Three stages, in order.
The rest of this page takes the three steps one at a time, then covers the deadlines and money limits that decide what you can actually claim. If you already know your issue is a specific one, you can jump to retrenchment rights, unfair dismissal, wrongful termination, salary claims, or an employment contract dispute.
Step 1: Raise it with your employer
There is no law that forces you to raise the problem with your employer before you file anything. But it is usually the fastest fix, and it costs you nothing. Many disputes come down to a misunderstanding, a payroll error, or a term in the contract that one side read differently.

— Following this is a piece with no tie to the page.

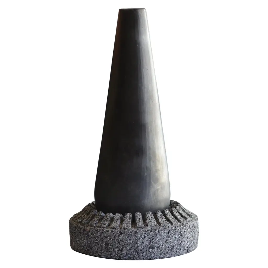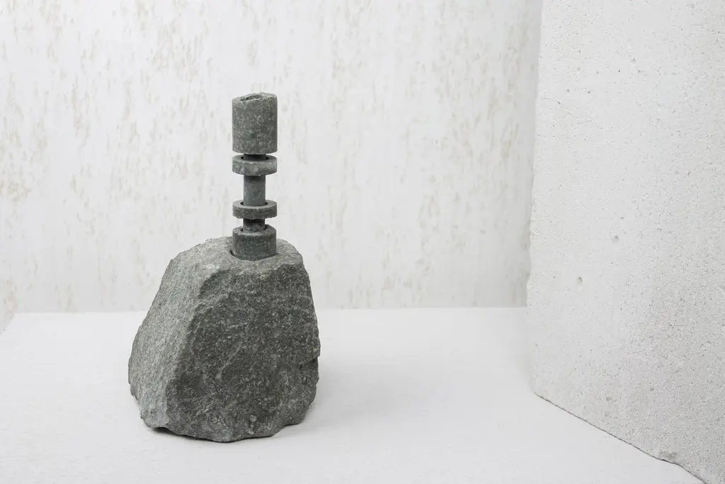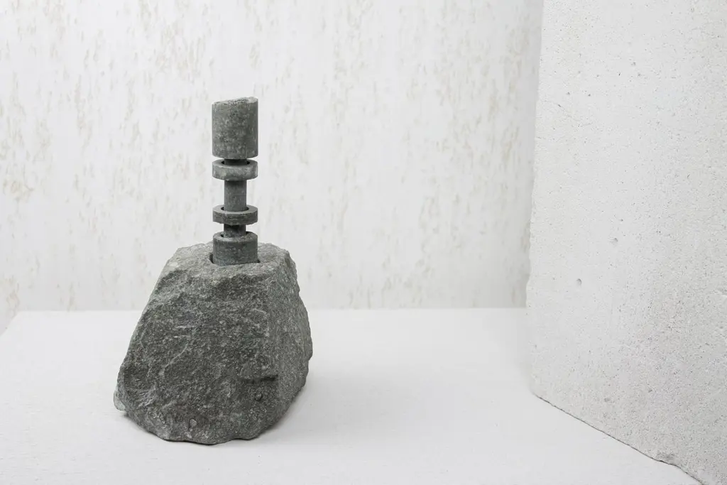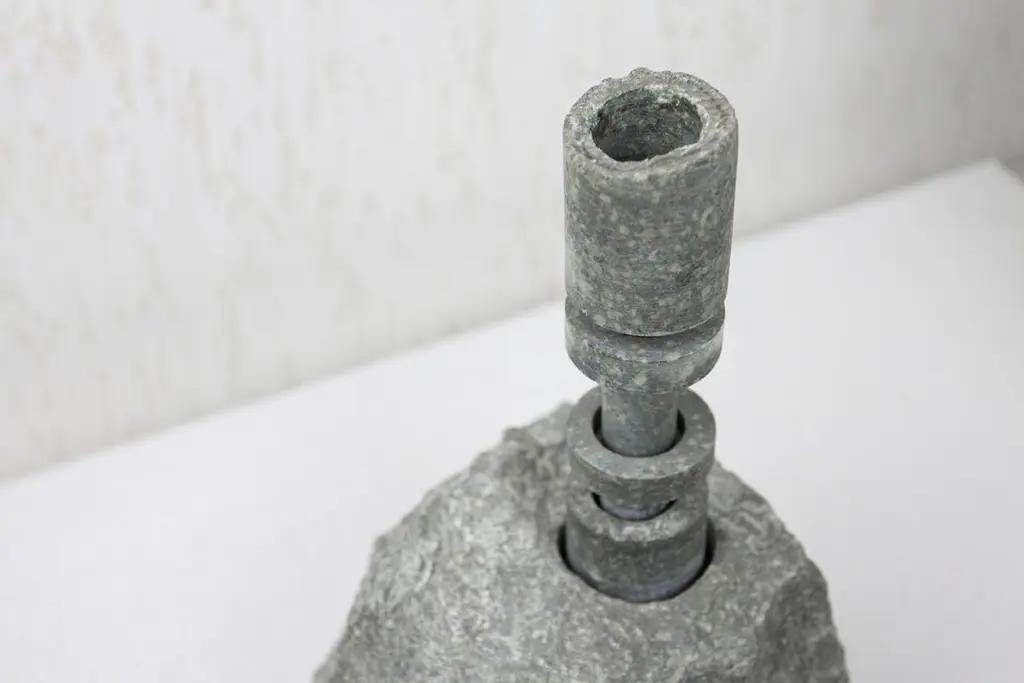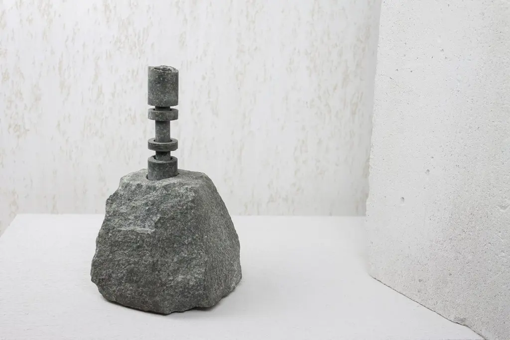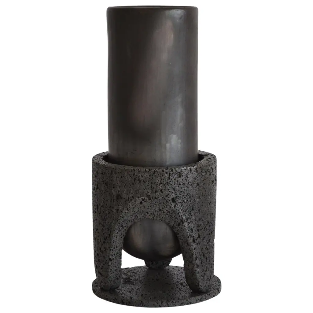 Porfier Abra Candelabra by Studio DODimensions: D 14 x W 13 x H 25.5 cmMaterials: Stone, aluminum.5.7 kg.Stone and fire are connected in an ageless bond. A sparkle created by clashing two stones with each other has been igniting fire over centuries. At the same time stones are used to safely border campfires. The warmth of the stone and intimate flame, reflect here on our interior environment. The classical shapes of candle holders are brought to light by extracting it from the core of a stone. Set in a 21st-century interpretation, it connects a timeless design type with a primitive appearing but contemporary driven technology.Based in Antwerp, Studio DO is a stone cutting atelier founded by Dana Seachuga and Octave Vandeweghe. These two creatives work independently: Dana as a jewellery maker and Octave as an artist. For Studio DO they joined forces and share their creative visions and expertise. Driven by their affection for stone cutting, they research the material and cultural role of (gem)stones within the realm of functional objects. Using basic interventions, shapes and aesthetics, they try to search for the minimal action necessary to give a rock a (traditional) function.Studio DO works on design projects and takes commissions related to stone, art, design objects and jewellery. Label & Labour stand along each other as one, becoming inseparable.

Put your concern in writing to your manager or HR, keep it factual, and say what you want (for example, the unpaid amount, or an explanation of a decision).
Whatever happens next, this step builds your paper trail. Save the emails, your employment contract, your payslips, and any letters about the dispute. TADM and the ECT both expect claims to be backed by documentary evidence such as your contract, payment records, and correspondence with your employer, so the records you gather now do double duty later.
Step 2: TADM mediation
If talking to your employer does not resolve it, the next step is TADM. Mediation at TADM is compulsory before a case can reach the Employment Claims Tribunals, so this is a step you cannot skip. You file your claim with TADM, a mediator works with both sides to try to reach a settlement, and MOM reports that this mediation-first approach settles most claims without them ever going to a tribunal. A settlement reached here is recorded as a settlement agreement under the Employment Claims Act.
The two deadlines that decide your claim
TADM and MOM both set strict time bars. Miss them and the claim is time-barred, meaning it can no longer be heard, whatever its merits.
| Type of claim | Deadline to file |
|---|---|
| Wrongful dismissal | Within 1 month of your last day of work |
| Wrongful dismissal (pregnant employee) | Within 2 months of the date of confinement |
| Salary claim, no longer employed | Within 6 months of your last day of work |
| Salary claim, still employed | Within 1 year of the dispute arising |
One month is a tight window for a wrongful dismissal claim, so if that is your situation, work out the date first and treat everything else as urgent. The salary deadlines give more room, but the same rule applies: once the window closes, the door closes.
What happens if mediation does not settle it
Not every case settles. Where mediation fails, the TADM mediator issues a claim referral certificate. That certificate is what lets you take the dispute to the Employment Claims Tribunals. According to the Singapore Courts, you may only file at the ECT if your dispute is unresolved after TADM mediation and you hold that certificate. In other words, the certificate is your ticket to step 3.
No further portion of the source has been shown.